Insurance Australia Group (IAG) reported a robust FY25 with strong premium growth, improved margins, and strategic acquisitions pending regulatory approval. The company projects continued growth and margin stability into FY26.
- FY25 gross written premium rises to $17.1 billion
- Underlying insurance profit up 7.3% to $1.54 billion
- Reported insurance margin improves to 17.5%
- Acquisitions of RACQ Insurance and RAC Insurance pending regulatory approval
- FY26 guidance anticipates $1.45–1.65 billion insurance profit and low-to-mid single digit premium growth
Strong Financial Performance in FY25
Insurance Australia Group (IAG) delivered a solid financial performance for the full year ended 30 June 2025, with gross written premium (GWP) climbing to $17.1 billion, up 4.3% on the previous year. Underlying insurance profit rose 7.3% to $1.54 billion, reflecting disciplined underwriting and improved claims management. The reported insurance margin strengthened to 17.5%, a notable improvement from 15.6% in FY24, driven by a lower claims ratio and effective expense control.
IAG paid out $10.2 billion in claims during the year, underscoring its commitment to customer support amid a challenging insurance environment. The company also invested $8.8 million in community initiatives, reinforcing its social responsibility credentials.
Customer Experience and Operational Highlights
Customer experience scores improved significantly, with net promoter scores rising to +45 in Australia and +54 in New Zealand. This was supported by enhancements to IAG’s Retail Enterprise Platform, which now hosts over 5 million customer policies, enabling faster claims processing and improved digital engagement. Initiatives such as AI-driven customer support and motor supply chain efficiencies contributed to operational gains.
Renewal rates remained strong, particularly in direct channels, with motor insurance renewal rates around 90% and home insurance at approximately 95%. These metrics highlight customer loyalty and the effectiveness of IAG’s direct-to-consumer strategies.
Strategic Acquisitions and Capital Position
IAG is progressing with the acquisitions of RACQ Insurance and RAC Insurance, which are expected to add approximately $3 billion in GWP and enhance capital efficiency. These transactions remain subject to regulatory approvals and completion conditions. The company anticipates annual run-rate synergies exceeding $150 million post-integration, driven by reinsurance, claims, and operational efficiencies.

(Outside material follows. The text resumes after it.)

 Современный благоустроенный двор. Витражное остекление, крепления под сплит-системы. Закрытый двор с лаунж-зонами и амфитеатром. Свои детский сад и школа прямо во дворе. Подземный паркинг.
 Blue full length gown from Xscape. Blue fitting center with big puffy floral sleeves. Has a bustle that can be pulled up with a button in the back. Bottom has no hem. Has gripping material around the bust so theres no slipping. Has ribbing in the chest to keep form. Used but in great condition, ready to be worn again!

Capital strength remains a key focus, with IAG reporting a Common Equity Tier 1 (CET1) ratio of 1.47, comfortably above its target range of 0.9 to 1.1 times the Prescribed Capital Amount. The company plans to maintain this robust capital position while funding organic growth and acquisitions.
Outlook and Guidance for FY26
Looking ahead, IAG projects reported insurance profit between $1.45 billion and $1.65 billion for FY26, with a reported insurance margin forecasted between 14.0% and 16.0%. The company expects low-to-mid single digit GWP growth excluding the impact of acquisitions, with direct business growth in Australia anticipated at mid-single digits and a relatively flat premium outlook in New Zealand.

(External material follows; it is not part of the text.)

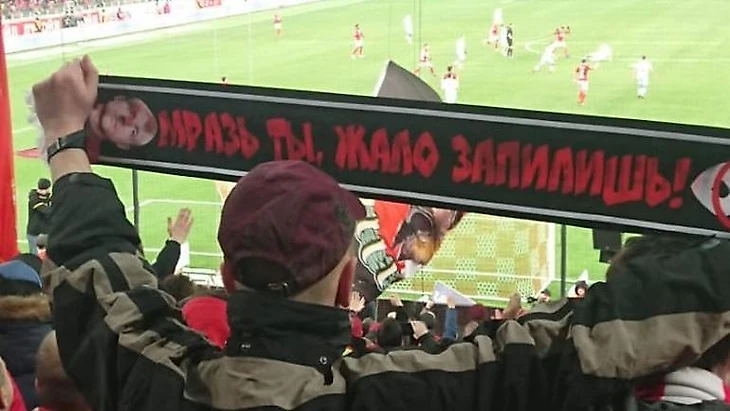 В самом начале матча между «Спартаком» и ЦСКА один из фанатов достал шарф, на котором были написаны оскорбления в адрес капитана «Спартака» Дениса Глушакова.

The RACQ Insurance acquisition is expected to complete on 1 September 2025, contributing approximately 10% GWP growth. IAG’s guidance aligns with its strategic targets to deliver a 15% reported insurance margin and a 15% reported return on equity on a through-the-cycle basis.

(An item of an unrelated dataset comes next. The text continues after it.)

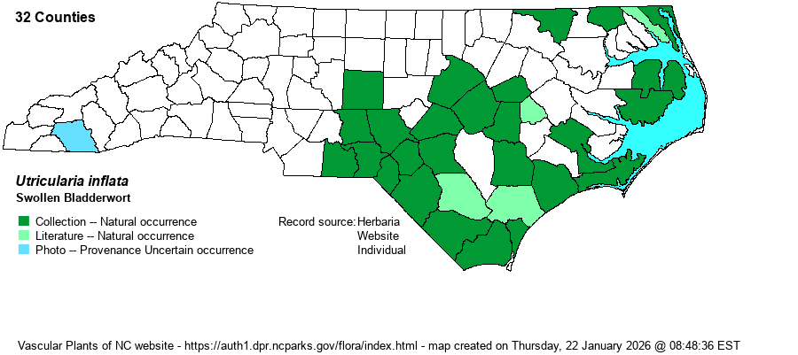 | Identification | This species and the very similar U. radiata, which have been included as one species in the past, are quite different from the rest of the bladderworts in the state. Each of these has expanded "floats" from the long flowering stalk, and these extend outward like spokes on a wheel along the top of the water surface. This species has the floats gradually tapering to the stem (from the middle of the expanded portion), whereas U. radiata has the floats nearly parallel-sided from the widest part of the float to the stem. Also, this species has more (bright yellow) flowers in the inflorescence, typically 9-14, as opposed to an average of 3-4 flowers in U. radiata. In general, this is a more attractive plant when in bloom, not only for its more flowers, but the flowers average more golden or bright yellow than the lighter yellow flowers of U. radiata; and also U. inflata has flowers about 2/3-inch across as opposed to about 1/2-inch across in U. radiata. Lastly, the flowering scape of U. inflata is taller, being about 9-10 inches tall, as opposed to the shorter stalk of U. radiata at roughly 5-6 inches tall. These two could grow together in the same pond or lake, but seldom does that seem to occur, as the ranges in the state are a bit different, though each is essentially a Coastal Plain species. | |

Administration expenses are projected to reduce by FY27 as investments in growth and transformation initiatives mature, supporting improved efficiency and profitability.
Bottom Line?
IAG’s FY25 results and pending acquisitions position it well for sustained growth, but regulatory approvals and integration execution will be critical to watch.
Questions in the middle?
- How will regulatory approvals for RACQ and RAC Insurance acquisitions impact IAG’s growth trajectory?
- What are the key risks to achieving FY26 guidance amid evolving economic and natural peril conditions?
- How effectively can IAG realize the projected $150 million annual synergies from acquisitions?